# Upgrading Pentium 3



## the_lovemonkey (May 16, 2007)

Hello
i have a compaq pentium 3 computer... a few weeks ago when i put on my computer, it didnt come on (monitor doesnt get signal).. the light on the cd drive appeared to be "on" ie it didnt blink or anything.

i tried replacing the PSU... tried taking out video card... everything basically... then i finally came to the conclusion that the mobo prolly died so i decided to upgrade. i bought a gigabyte S2 with a sempron 2600+ (i cant remember the if thaz it.. but its a compatible processor).. i got 512 ram DDR2...

i installed everything.. yet i get the same result.. its as if the computer isnt working. please help me


PS the mobo isnt shorting out


----------



## the_lovemonkey (May 16, 2007)

*Re: Built new system - But getting no display!*

i got the same problem... no display, i got a 
Gigabyte S2
Sempron 3400+
512 Samsung DDR2 (cant remem the freq)
400Watt Antec PSU

i dont have a vid card.. and the mobo isnt shorting out.. i really need help


----------



## dai (Jul 2, 2004)

try a cmos reset


----------



## TheMatt (May 9, 2006)

The Sempron 2600+ was only available on the Socket A and 754 platforms which were incompatible with DDR2 RAM. How did you fit it in?


----------



## the_lovemonkey (May 16, 2007)

sry dude it was a Sempron 3400+

i tried resetting the CMOS... no result


----------



## TheMatt (May 9, 2006)

Can you post the exact motherboard model?


----------



## the_lovemonkey (May 16, 2007)

Gigabyte 

GA-M61SME-S2


----------



## TheMatt (May 9, 2006)

First, make sure the 4-pin CPU power connector is plugged in from the power supply to the motherboard.

I would start by swapping out the RAM. First re-seat each stick, then try running with only one stick, then the other.
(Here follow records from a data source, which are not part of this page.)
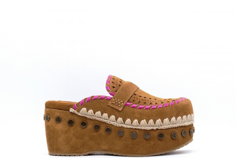 MOU Clog leather overstitch. Realizzato a mano in vera pelle di camoscio con le cuciture all'uncinetto distintive delle eskimo mou e borchie in metallo. La suola leggera è stata rifinita con una soletta imbottita in camoscio per un comfort ancora maggiore. Altezza zoccolo 6.7cm.
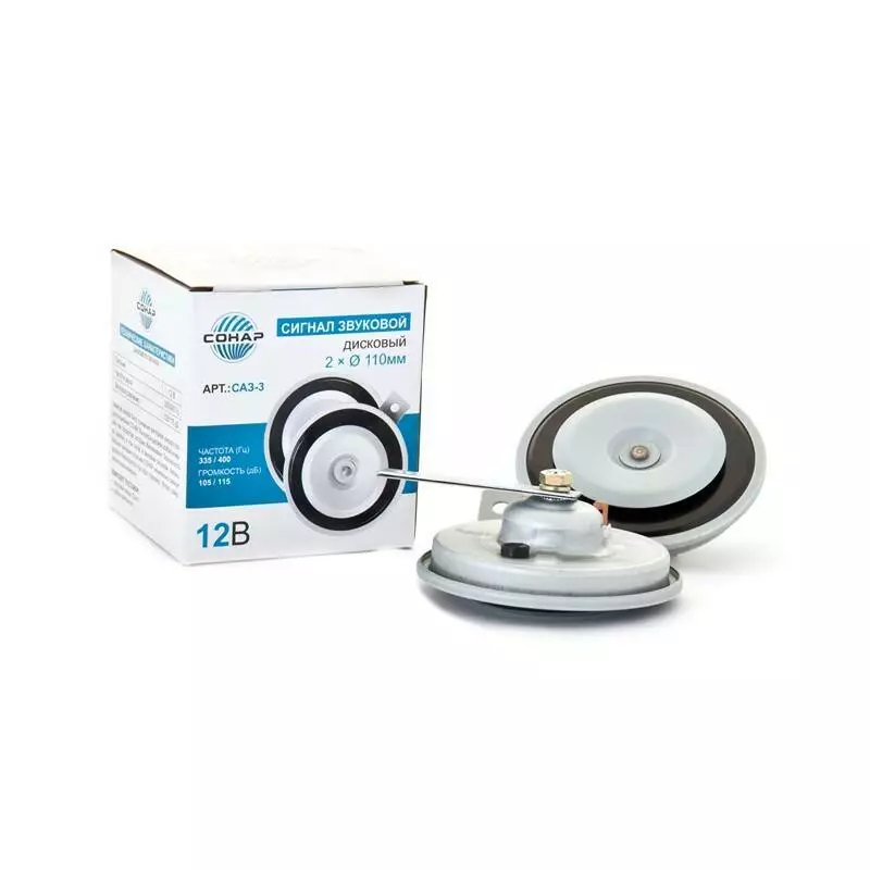 Сигнал автомобільний SONAR, дисковий з реле Ø110mm, 12В, 335/400 Гц, 105/115 дБ, 1 контакт, 2 шт.
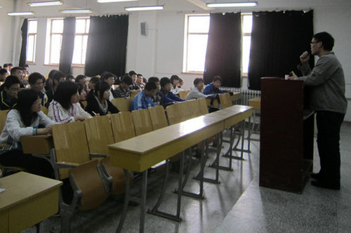 为更好的促进学院与黄岛校区09级学生之间的交流以及学院文化的传承,解答09级同学们关于专业知识以及四方校区生活的种种疑惑,5月9日上午,环境学院与人文学院共同合作,在黄岛校区三号教学楼召开了此次交流会。环境学院全体09级新生参加了此次交流会。
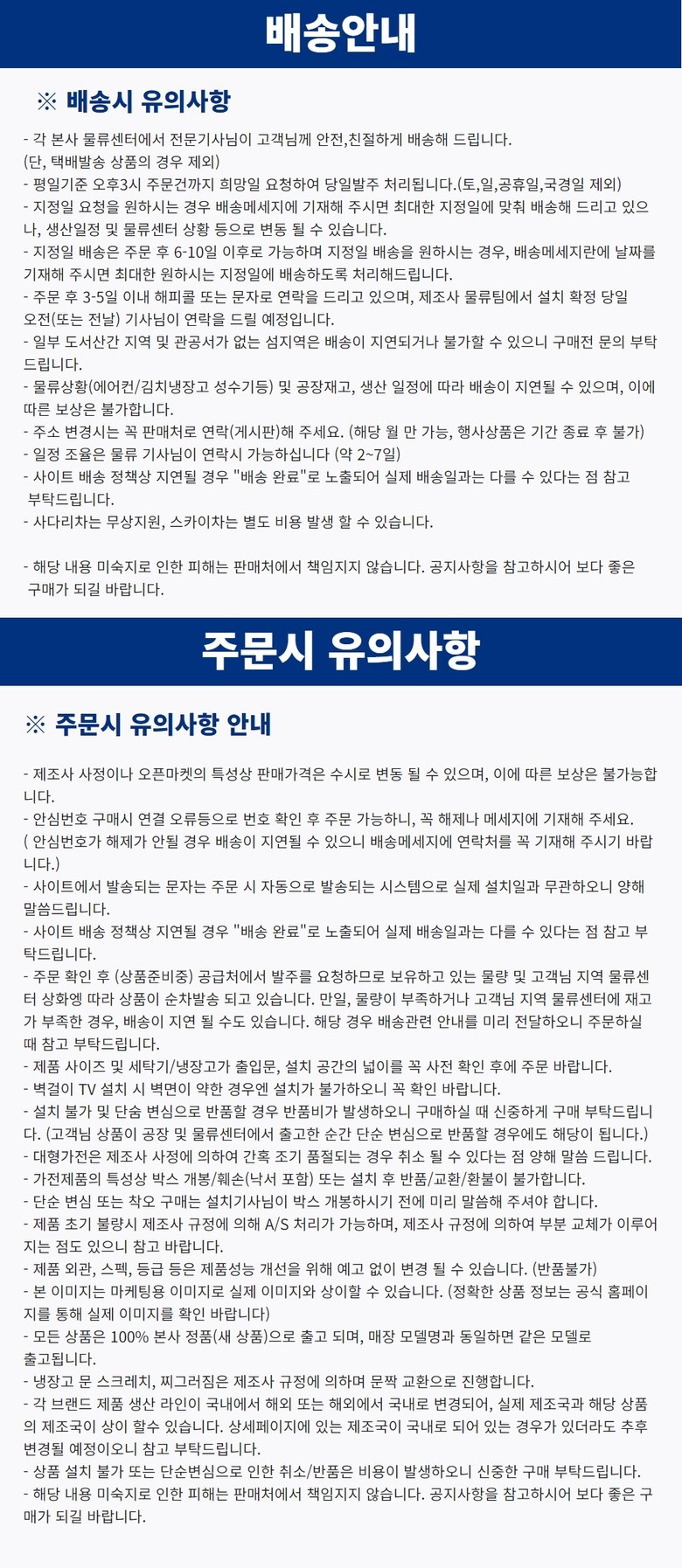 - ㆍ교환/반품에 관한 일반적인 사항은 판매자가 제시사항보다 관계법령이 우선합니다.
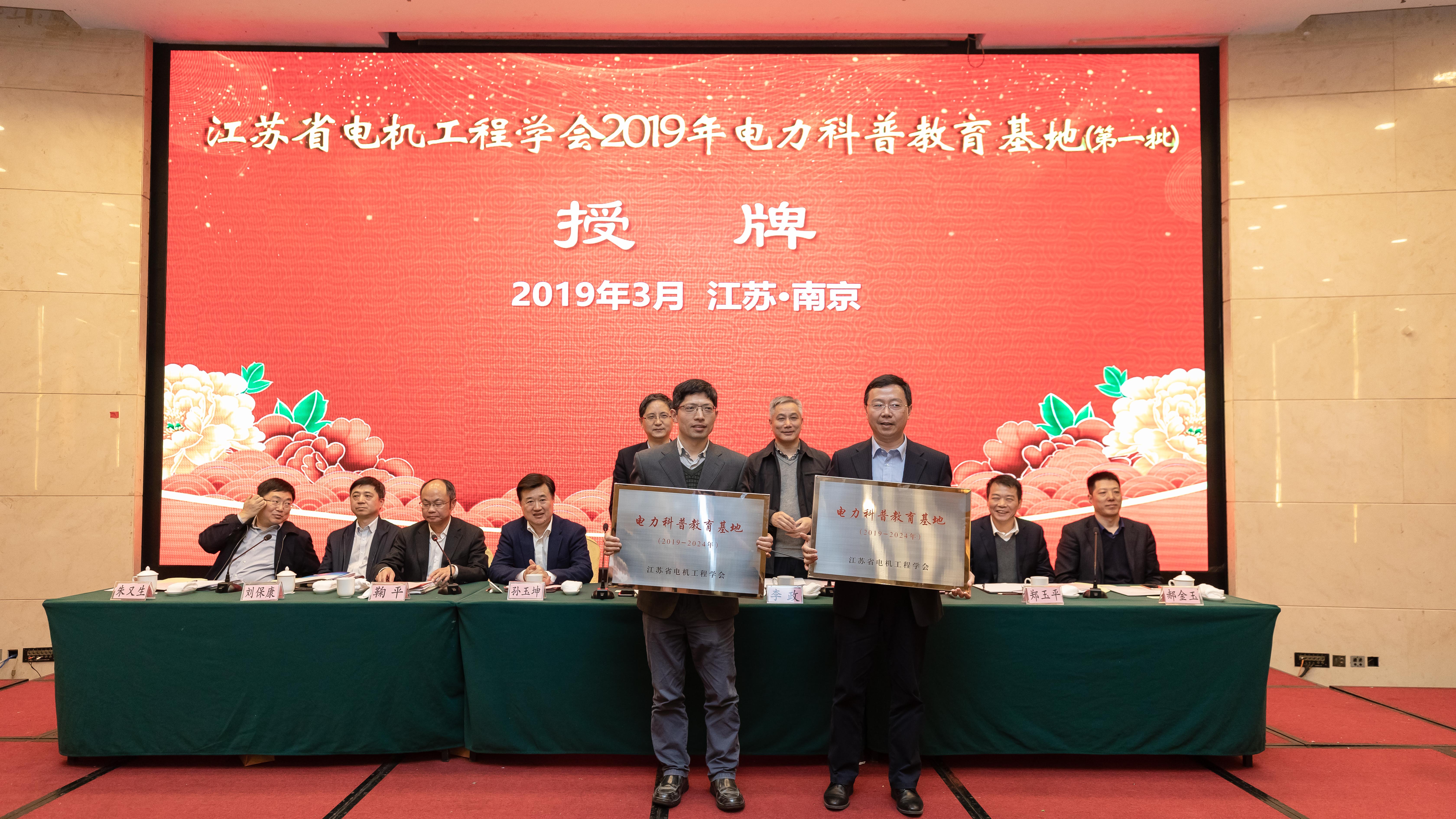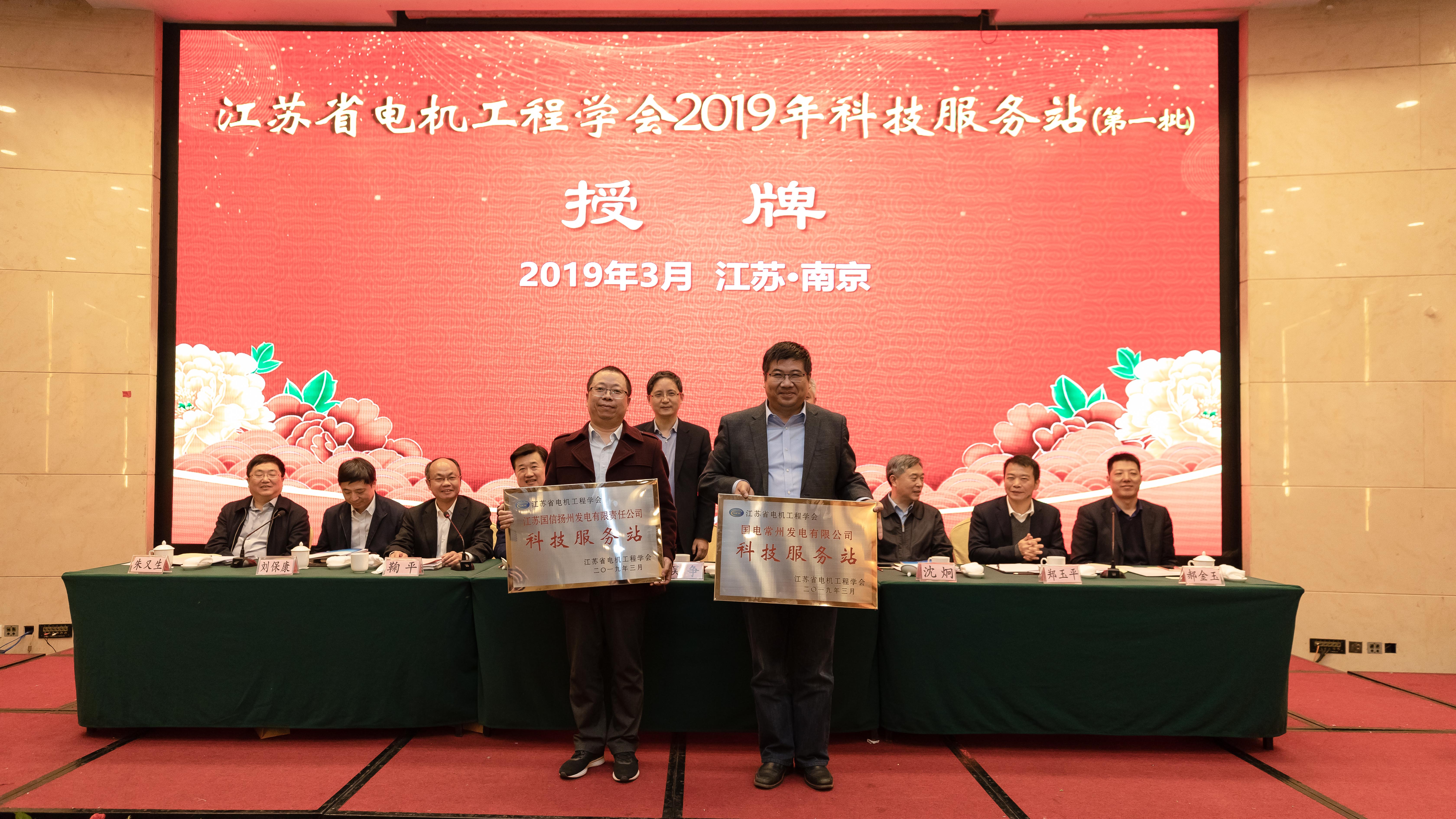 3月27日,江苏省电机工程学会第十届理事会第三次会议暨2019年工作会议在南京召开。会上,对省电机工程学会认定的2019年第一批科技服务站--江苏国信扬州发电有限责任公司科技服务站和国电常州发电有限公司科技服务站进行了授牌。会议还为省电机工程学会新命名的2019年第一批电力科普教育基地--国网江苏省电力有限公司苏州供电分公司“同里综合能源服务中心”和 江苏国信溧阳抽水蓄能发电有限公司“江苏溧阳抽水蓄能电站”举行授牌仪式。省电机工程学会理事长、国网江苏省电力有限公司总工程师吴争,省科协学会学术部部长李政共同为科技服务站和电力科普基地授牌。
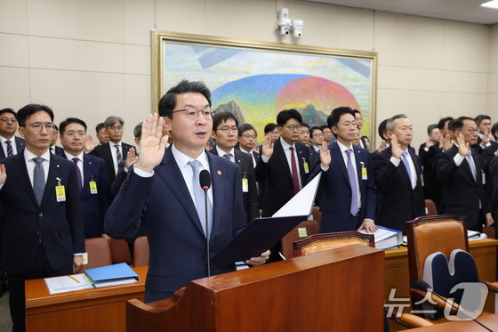 이억원 금융위원장이 일 서울 여의도 국회에서 열린 정무위원회 금융위원회 등에 대한 국정감사에 출석해 증인선서하고 있다. ../뉴스 New…
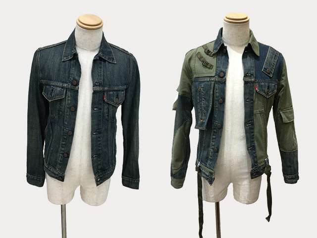 - デニムジャケットとミリタリー風パンツを合わせた異素材ミックスジャケットです。どこにも売っていないこだわりの1点もの♪自分だけのお洒落を楽しんでいただけますようにと思いを込めました。

If you only have one stick, see if you can get your hands on another stick.

Also, make sure your motherboard speaker is connected. The speaker is polarized, so if you don't hear any beeps, turn it around and boot up again.

If you have a reset button, I would push it after you power on the computer and see if you get anything on the monitor.


----------



## the_lovemonkey (May 16, 2007)

this compaq case is pissing me off.... the plug that is supposed to have the power connector and the hard drive LED and stuff is like in one designed to fit the old motherboard

i tried fitting it into this this new mobo by just plugging it in and well, the power on button worked... but the hard drive LED doesnt work. 

PS it has no reset button.


----------



## TheMatt (May 9, 2006)

Did you try the other stuff? Also, try shorting out the reset switch headers with something like a screwdriver. Refer to your manual for information on locating the reset header.


----------